Materialen, gereedschappen en schema voor het werk
In het werk wordt gebruik gemaakt van:
- 6 strengen Phil Light-garen, bestaande uit 50% acryl, 30% polyamide en 20% wol (300 x 50 g per streng);
- Naalden nr. 5.
- Haak nr. 5.
Baktus wordt gebreid met een 2-draads garen. Voor een subtiele roze kleur gebruik je lila en crèmekleurig garen. Neem in dit geval 3 strengen van elke kleur. De volgens dit patroon gebreide sjaal is rechthoekig. De breidichtheid bedraagt 17 steken per 22 naalden, wat overeenkomt met een vierkant met zijdes van 10 cm.
Symbolen in het breipatroon ontcijferen:
![]() | LP op de voorste rijen, IP op de achterste rijen |
![]() | Garen om |
![]() | Gezichtsstretch |
![]() | 2 LP's samen |
![]() | Randlus |
Werkingsprocedure
Om een baktus van 1 x 1 m te breien, moet u de volgende instructies volgen:
- Zet 155 steken op met de rondbreinaald.

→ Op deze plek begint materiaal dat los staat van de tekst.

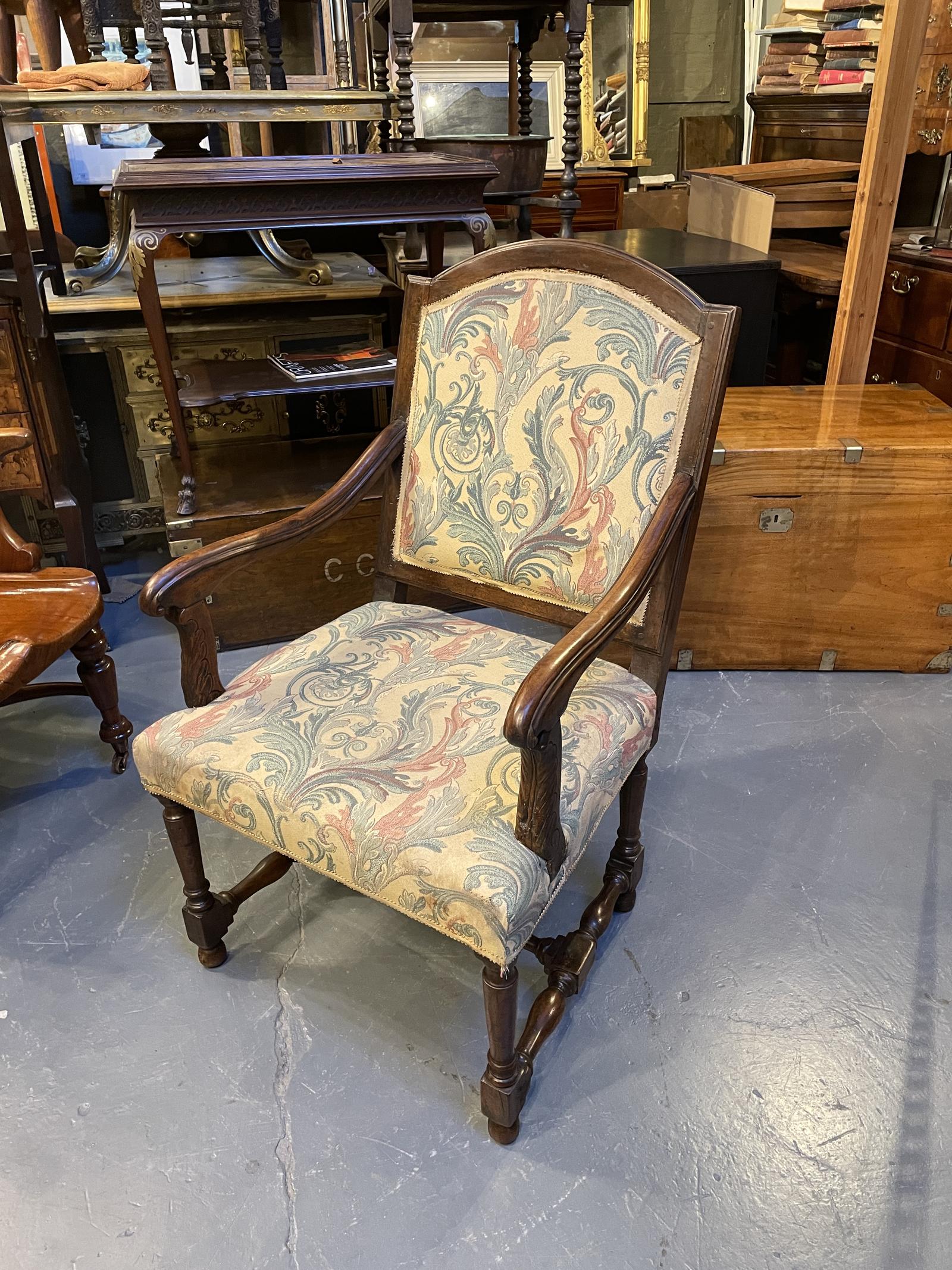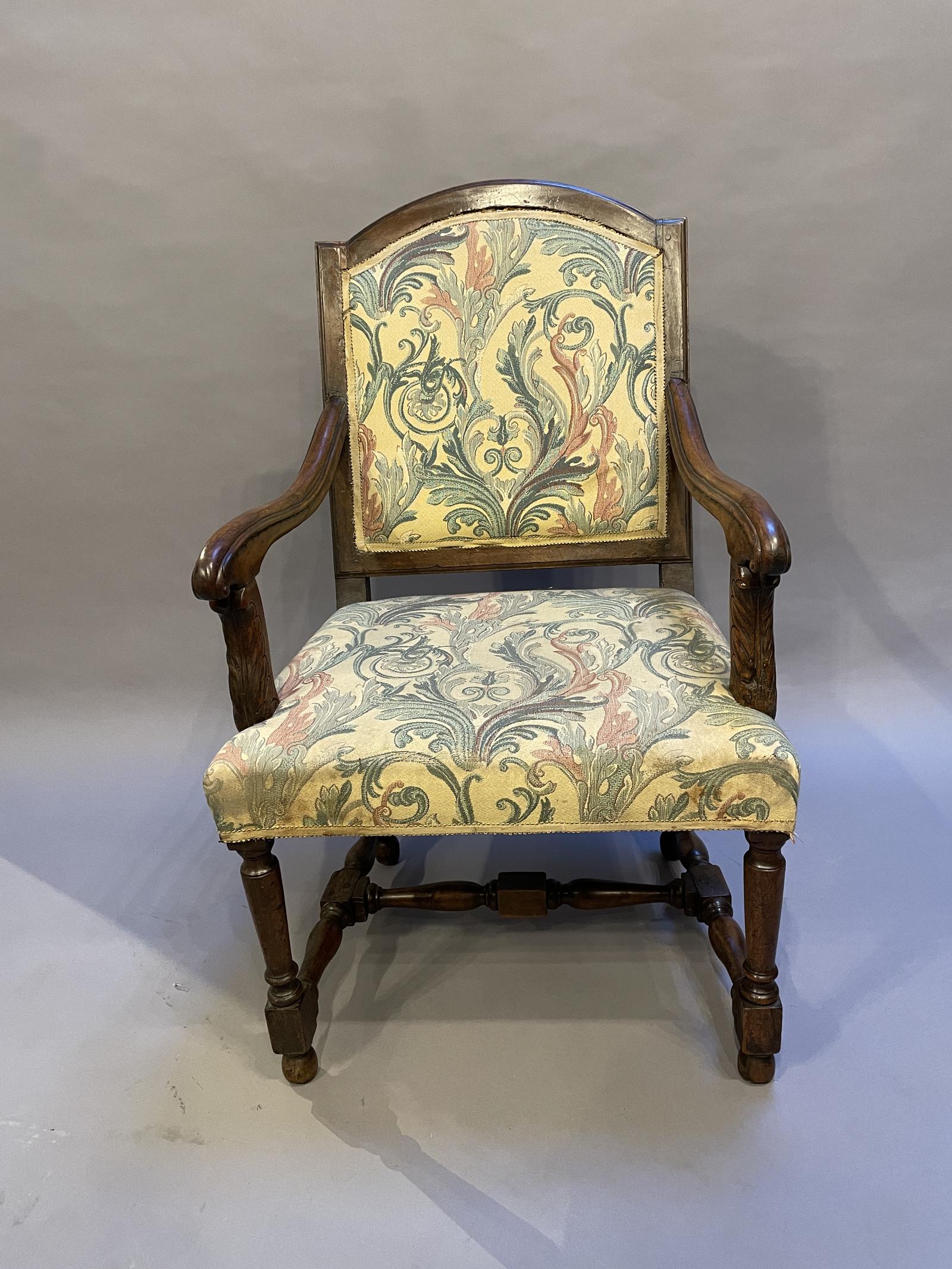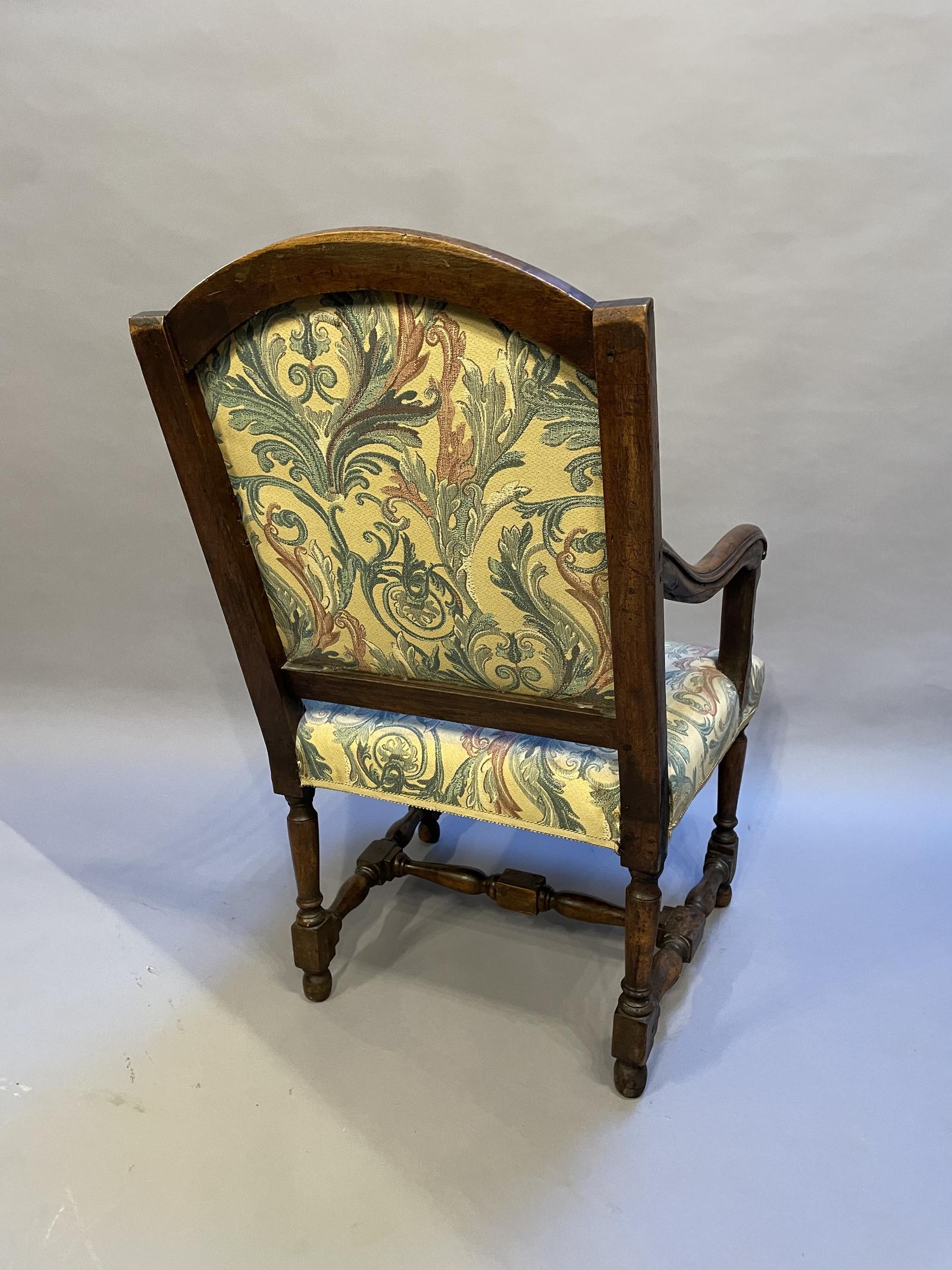 Offered for sale is this 19th Century French antique fauteuil armchair. Provincial walnut, old repairs but sound.

- Brei de eerste 2 naalden in tricotsteek.
- Brei vervolgens volgens het patroon: 1 KrP, herhaal het patroonrapport van 1 tot 34 A 4 keer, daarna het halve rapport (van 1 tot 17 A), 2 KrP.
- Brei volgens het patroon in de hoogte totdat er 3 hoge rapporten klaar zijn (217 naalden).

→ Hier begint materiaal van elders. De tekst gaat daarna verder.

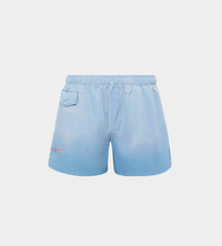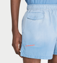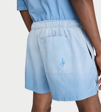 Cotton poplin shorts with garment dyed effect. Elasticated waistband. Internal flat drawstring. Buttoned flap pocket. Back patch pocket. Red seasonal logo embroidery at the hem. Contrast anchor print on back pocket. Relaxed fit - take your usual size
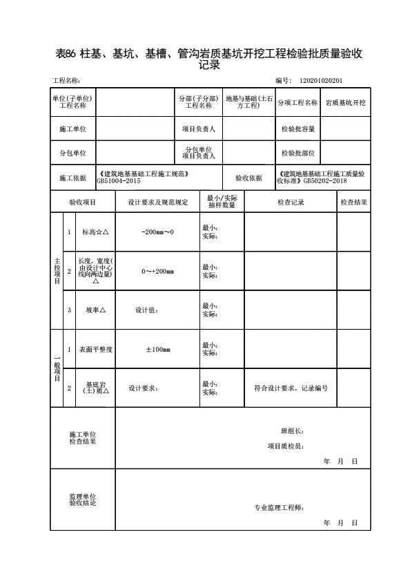 表格名称:120201020201 柱基、基坑、基槽、管沟岩质基坑开挖工程检验批质量验收记录
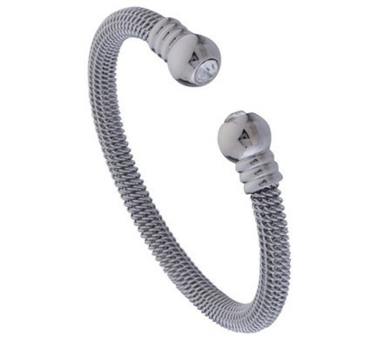 Bracelet classique en fil d'acier inoxydable avec des cristaux clairs.
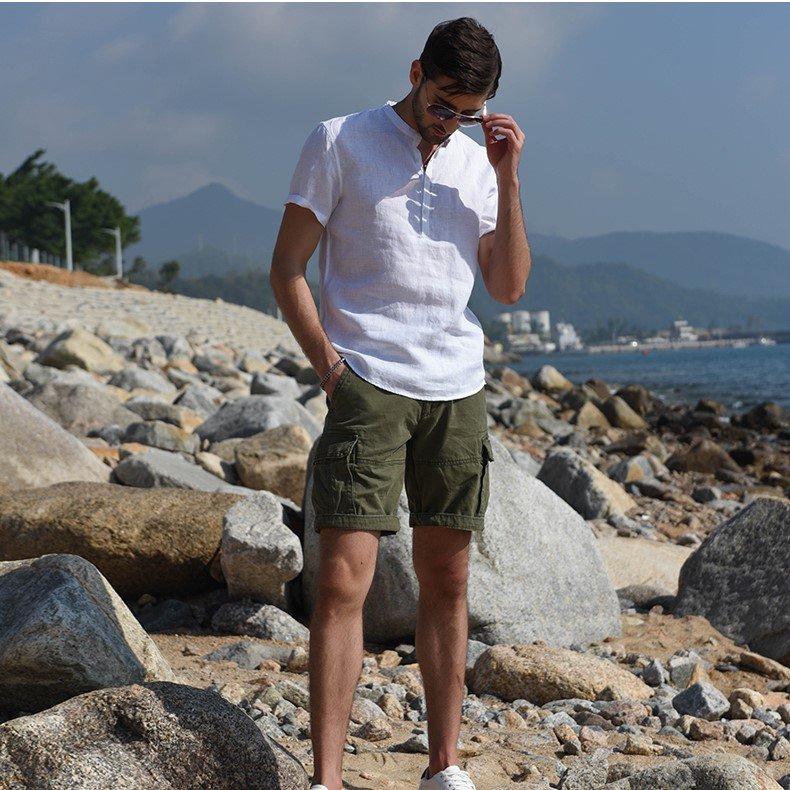 ✨Áo sơ mi linen dành cho nam, trơn cổ trụ, sơ mi hàn quốc Haint Boutique, form vừa

- Sluit de lussen zoals beschreven in de LP, verberg de draad.
- Haak de baktus rondom de omtrek met vasten.
Ter decoratie kunt u franje gebruiken rondom de omtrek van de sjaal. Gebruik liever geen pompons of kwastjes ter versiering, want dan lijkt de mooie omslagdoek op een kindersjaal.
Bij het werken met breinaalden is het belangrijk dat u de juiste draadspanning aanhoudt en deze tijdens het breiproces niet verandert. Als u de draadspanning te strak aandraait of juist te laag maakt, zal de baktus onevenredig worden en het patroon vervormen.